Ms Winterton: My hon. Friend makes a good point. The other point to make is that the Conservative party has never really grasped the importance of economic interventions, whether at national, regional or local level. Any idea, therefore, of the advantages that there might be for Exeter-

Mr. Swire rose-

Ms Winterton: I am going to press on a little, but I will let the hon. Gentleman in later. However, I am aware that a lot of Members want to speak.

When we announced the decisions, I said that we would be inviting all existing councils in Devon and Norfolk to work together with the Government to develop the new service delivery models that, with the advent of unitary councils for the cities, will enable the best quality and more efficient public services to be provided to the cities and the wider county areas. That is the whole point of the letter that I wrote today. I also undertook to invite all the Suffolk councils, with their Members of Parliament, while consulting other stakeholders, to a county constitutional convention, in order to reach a consensus on a unitary solution for that area.

Mr. Swire: In the event of Exeter getting unitary status, will there be any extra money for Devon county council to restructure itself?

Ms Winterton: Under our proposals, implementing a unitary Exeter and Norwich will cost £400,000 over five years, but thereafter there will be a saving of £6.5 million a year. As I have said, my point is that we are working with all the councils involved to ensure that they are looking at not only the advantages that can be gained from Total Place, but other ways in which they can work together. When Conservative Members came to see me, they made the point over and over again about how well that working together was going. I find it extraordinary that all that is being turned on its head.

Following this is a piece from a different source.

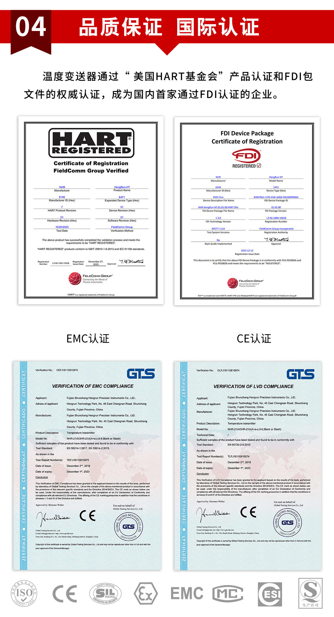 虹潤公司是專業(yè)生產(chǎn)溫度變送器的國家專精特新“小巨人”企業(yè)。生產(chǎn)的LCD 隔離智能溫度變送器,具有熱電阻熱偶信號全切換輸入,精度高,穩(wěn)定性好,輸入輸出隔離,帶HART或RS485通訊等特點。該產(chǎn)品不僅通過HART基金會認證、德國萊茵 CE 認證與 SIL 功能安全認證,還獲得具備減震抗干擾能力的溫度變送器、信號隔離器、一種二端子模塊、無源信號隔離器等4項國家發(fā)明專利,主持起草物聯(lián)網(wǎng)智能溫度儀表、現(xiàn)場設備工具(FDT)接口規(guī)范、工業(yè)過程測量和控制系統(tǒng)用溫度變送器等3項國家標準,以及通信系統(tǒng)多通道數(shù)據(jù)采集控制終端規(guī)范軍用標準,參與國際5G標準制定,取得高精度溫度變送器等5項相關(guān)軟件著作權(quán)。產(chǎn)品廣泛應用于石油、化工、電力、冶金、制藥、食品、水處理等各種工業(yè)領域。
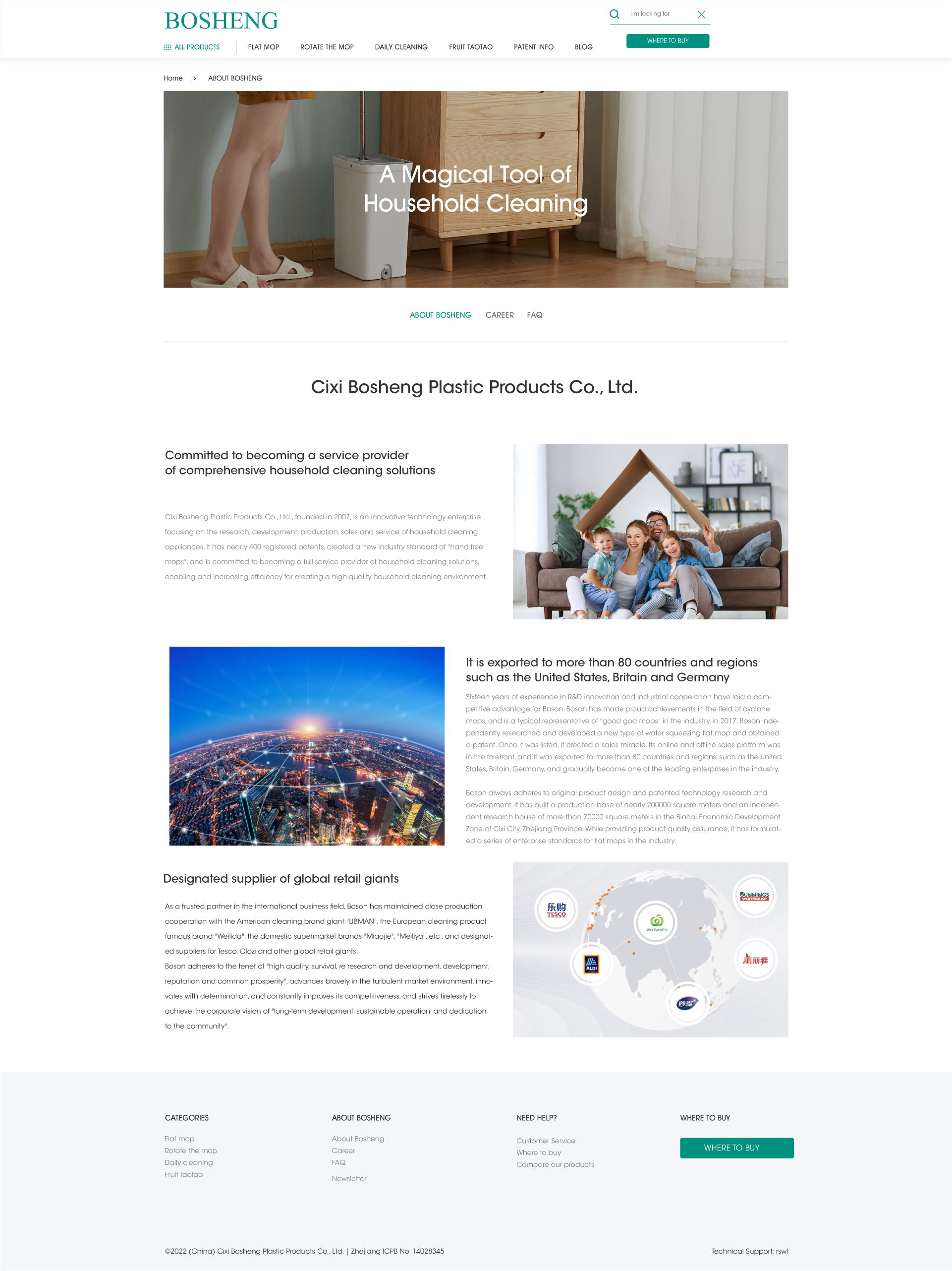 Cixi Bosheng Plastic Products Co., Ltd. was established in 2007. It is an innovative technology enterprise focusing on the research and development, production, sales and service of household cleaning tools. Bosheng has nearly 400 registered patents and created a new industry standard of "hands-free mop". Bosheng committed to becoming a comprehensive household cleaning solution service provider, empowering and increasing efficiency in creating a high-quality household cleaning environment.

Mr. Ronnie Campbell: The Minister talks about criteria. Returning to Northumberland, the criterion then was to save £18 million a year in golden services, but quite the opposite happened after the first year. We have had rate rises, cuts and debt up to our necks. So I do not know where these criteria come from. Everybody should be warned. It might come from the civil service-fair enough-but they should be warned that the things being put in front of them are a pack of lies.

Ms Winterton: My hon. Friend is so robust, and it is so refreshing to hear his contribution. I thank him for that.

I turn to the representations that we received orally and in meetings with affected councils and Members of Parliament from this House and the other place.

Mr. Keith Simpson rose-

Ms Winterton: I will come back to the hon. Gentleman.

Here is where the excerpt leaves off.